Вадик, я болен. У меня температура". - "Ничего, Эмик, оденься потеплее,
шарфиком закутайся и ровно через час будь в подъезде". - "Да я же не могу,
Вадик, – у меня температура 39! Да и куда мы должны ехать?" – "Не знаю,
но высоко. Машина за нами высылается. Одевайся и лишнего не думай".
Где живем! Эмик оделся, укутал шарфом горло
и спустился в подъезд. Машина проехалась по переулкам, улицам, шоссе и
остановилась где-то перед глухими воротами. Открылись ворота – и офицер
у въезда приветственно козырнул им.
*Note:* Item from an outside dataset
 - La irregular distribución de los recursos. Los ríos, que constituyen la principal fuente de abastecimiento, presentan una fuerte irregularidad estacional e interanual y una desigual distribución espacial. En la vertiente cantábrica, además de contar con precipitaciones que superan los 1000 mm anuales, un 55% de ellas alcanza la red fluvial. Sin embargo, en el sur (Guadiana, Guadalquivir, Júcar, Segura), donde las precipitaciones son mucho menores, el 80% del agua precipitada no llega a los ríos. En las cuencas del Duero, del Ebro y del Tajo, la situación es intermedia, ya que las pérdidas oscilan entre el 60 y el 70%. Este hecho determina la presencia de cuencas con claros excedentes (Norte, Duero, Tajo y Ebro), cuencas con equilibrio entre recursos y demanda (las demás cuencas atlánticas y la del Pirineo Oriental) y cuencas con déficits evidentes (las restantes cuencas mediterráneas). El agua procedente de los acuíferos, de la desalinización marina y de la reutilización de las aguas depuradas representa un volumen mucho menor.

Подошли к подъезду в виде крыльца.
В дверях их встретил генерал и помог раздеться – шубы принял, так сказать.
Другой генерал повел по коридору... Или по анфиладе – таких подробностей
не знаю. Ввели в большой кабинет, где за большим письменным столом сидел
генерал, который оказался командующим Военно-Воздушными силами Московского
военного округа (а может, должность я и напутал) Василием Иосифовичем Сталиным
(а вот уж имя не перепутаешь в стране абсурда).
"Эммануил Генрихович! Книгу вашу прочел. Замечательная.
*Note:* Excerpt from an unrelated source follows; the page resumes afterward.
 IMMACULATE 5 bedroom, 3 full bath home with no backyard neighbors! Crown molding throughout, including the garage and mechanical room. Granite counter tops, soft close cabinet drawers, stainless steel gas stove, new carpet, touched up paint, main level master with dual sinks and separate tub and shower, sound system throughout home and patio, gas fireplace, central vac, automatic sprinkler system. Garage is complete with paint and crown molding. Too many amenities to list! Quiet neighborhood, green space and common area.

Понравилась мне очень, но хочется поспорить, не со всем я согласен, что
вы там написали", – это несогласие также чревато чем угодно. "Понравилось,
но не согласен!"
"Не согласен"! Голова кружится. Горло болит.
Температура, наверное, ползет вверх...
Сталин-младший щелкает пальцами, набегают
адъютанты, вестовые, порученцы, ординарцы, офицеры... Ну, не знаю, кто
набегает, но бегут. Хозяин просит карты принести. Видимо, знают, какие
карты имеет в виду. И принесли большие карты тех мест, где проходили бои,
описанные в романе. Карты расстелили по полу. Здоровый и, кажется, трезвый,
хозяин ложится на карту и приглашает туда же больного писателя-автора и
писателя-редактора. Лежат. Разговаривают. А может, и не совсем так было,
но главное я запомнил.
Сам, во всяком случае, лег на пол, на карту.
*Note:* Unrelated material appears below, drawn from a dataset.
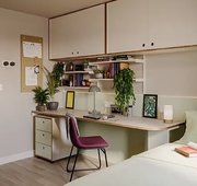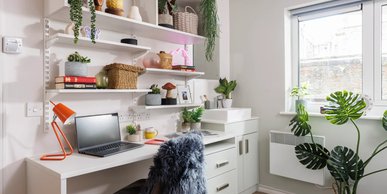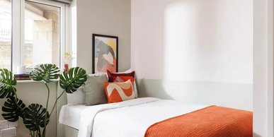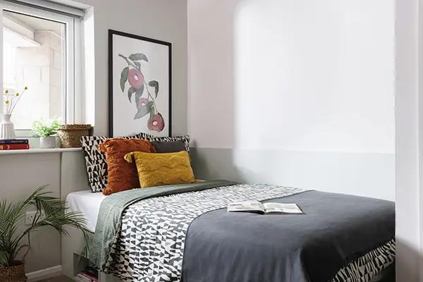 The Bridge House is home to 319 students, all living in non en-suite rooms in shared flats. That means you’ll have your own bedroom (with wash basin), complete with study and storage space, and you’ll share your bathroom, kitchen, and lounge with flatmates.
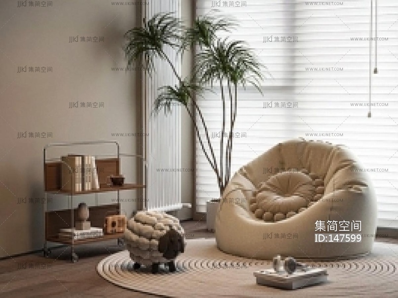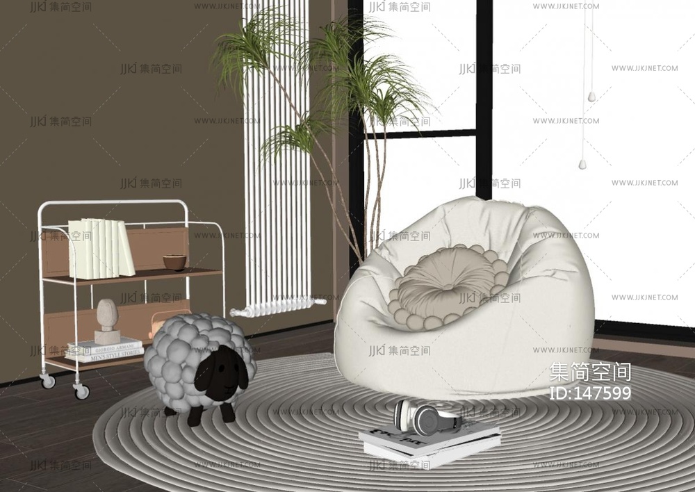奶油北欧懒人沙发SU模型 su草图模型下载 [模型ID:147599]

"Вот смотрите, Эммануил Генрихович. Вы пишете..."
Короче говоря, у Казакевича написано, что
армия под таким-то номером шла вот по такому-то направлению, в то время,
как эта армия шла "вовсе отсюда, а не так". А вот армия с иным номером,
"как раз шла вот в этом направлении". Перст Сталина-младшего гулял по полу,
по карте, по землям немецким близ Одера.
Писатель вежливо соглашался, а для большей
вежливости и приличия порой слегка возражал.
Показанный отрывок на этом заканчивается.